People aren’t complicated. Human nature is fairly predictable. And we don’t need a plethora of rules and regulations to define every possible way a person might step out of line. We can boil it all down to the basics — a few simple things most people want and the five ways leaders can shine.
The Principle of Legitimacy in Leadership
At the 1814 Congress of Vienna, an idea was proposed to help restore to power the lawful monarchs from royal families who ruled before Napoleon. Titled the Principle of Legitimacy, it was a governance guideline to ensure peace and order. It included five common sense concepts that most of us would agree should be the basis for sound leadership:
- Rules don’t change: people like to know what they can count on. No one likes to be evaluated against a moving target. Some say a sense of certainty is one of the greatest human needs.
- Authority is fair: remember when you were a kid and you got punished for something your sibling did? We didn’t like it then and now that we’re grown up, fairness is even more important. However, fair doesn’t always have to mean equal. People need different things and deserve to have their circumstances take into consideration.
- Things make sense: the reasonable person wants to see a pattern, cause of action, greater purpose and ends that justify the means. Nobody likes to feel like they fell down the rabbit hole. Too often policies are established that work for one team but are totally nonsensical for another.
- People have a voice: they want the opportunity to raise issues, express concerns, identify gaps. Freedom of speech is a bedrock right of the people of our nation. Many organizations do themselves in when people don’t feel free to speak up. Too many problems go unsolved because people don’t want to be labeled, “not a team player.”
- People need to be heard: some say we humans are one big walking ear. In over 35 studies, listening was identified as a top skill needed in business today. Yet, fewer than 2% of us receive training in listening skills. Read this Harvard Business review article on listening.
Ensure the above listed needs are addressed in every major workplace training such as internal and external customer service, sales initiatives, employee engagement, job satisfaction, harassment prevention, teamwork, communication skills and leadership. Most definitely leadership. Then embed then in performance reviews for frontline supervisors, team leads or anyone managing a group of people for whatever purpose, even if it’s the neighborhood bake sale.
Another Approach and Ways Leaders Can Shine
Sometimes it’s easier to say what we won’t do versus what we shall do. Otherwise you have an increasingly long and complicated set of rules that try to capture every possible way people can mess up. (If you’ve been a supervisor, project lead, parent or teacher you know how creative people can be!)
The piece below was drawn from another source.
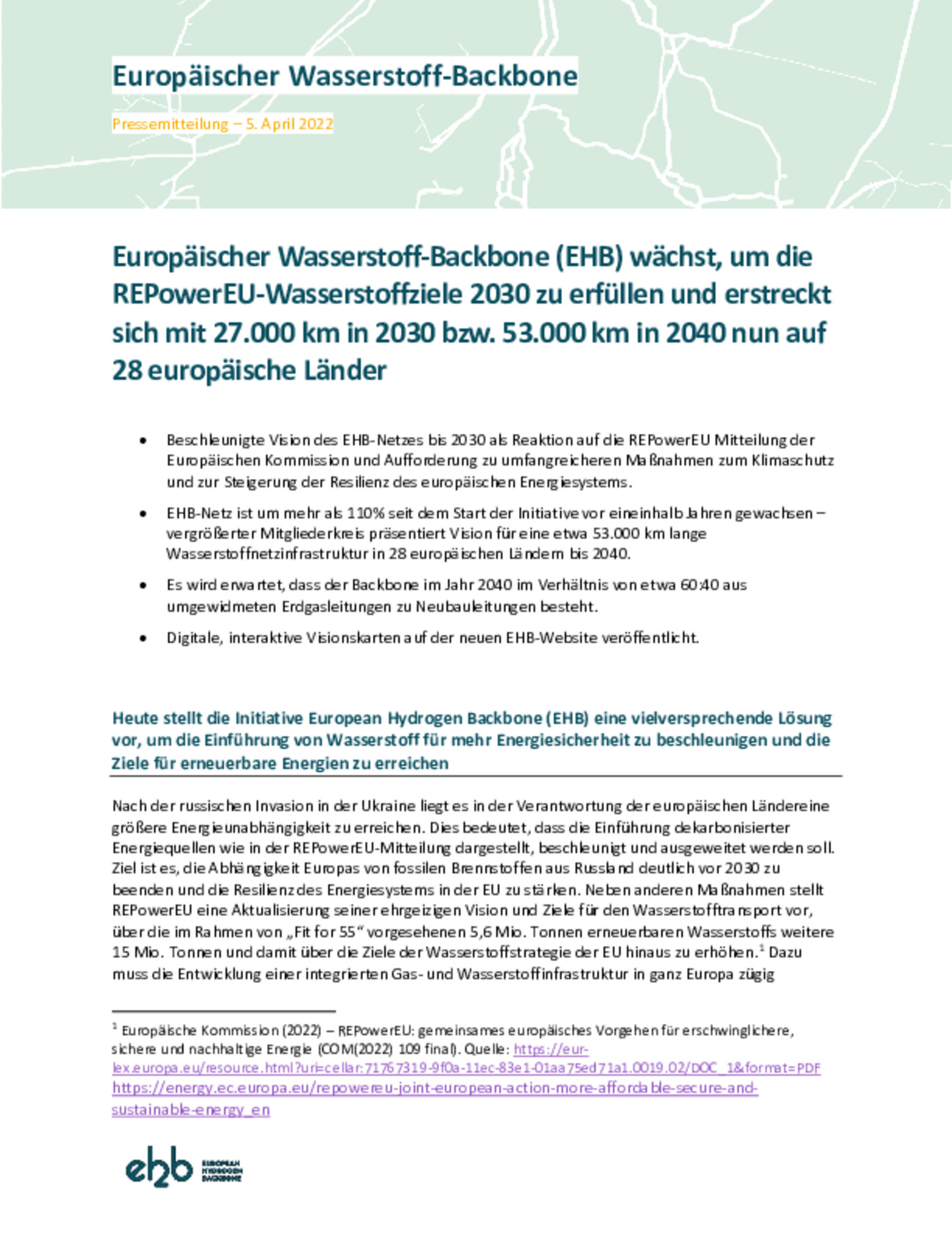 Die Initiative European Hydrogen Backbone (EHB) stellt eine vielversprechende Lösung vor, um die Einführung von Wasserstoff für mehr Energiesicherheit zu beschleunigen und die Ziele für erneuerbare …Energien zu erreichen.

You could define your mission by simply stating, “We agree to do nothing to embarrass our constituents, compromise our values or (the best one yet) require a lawyer.”
Or, “We agree to do nothing that is disrespectful to one another and requires an intervention from the boss or the Human Resources Department.”
Can you see how those simple statements could benefit a team when trying to establish norms of behavior? They define what people will NOT do versus what they SHOULD do. This limits the parameters greatly. You can start broad and then, if necessary, narrow the scope.
What was true in 1787 and 1814 is still true today. Let’s keep things simple, easy to communicate, able to withstand the test of time and establish guidelines the average person can understand. That would make life a whole heckuva lot easier for people we interact with and ensure you get better engagement no matter what the project, policy or plan.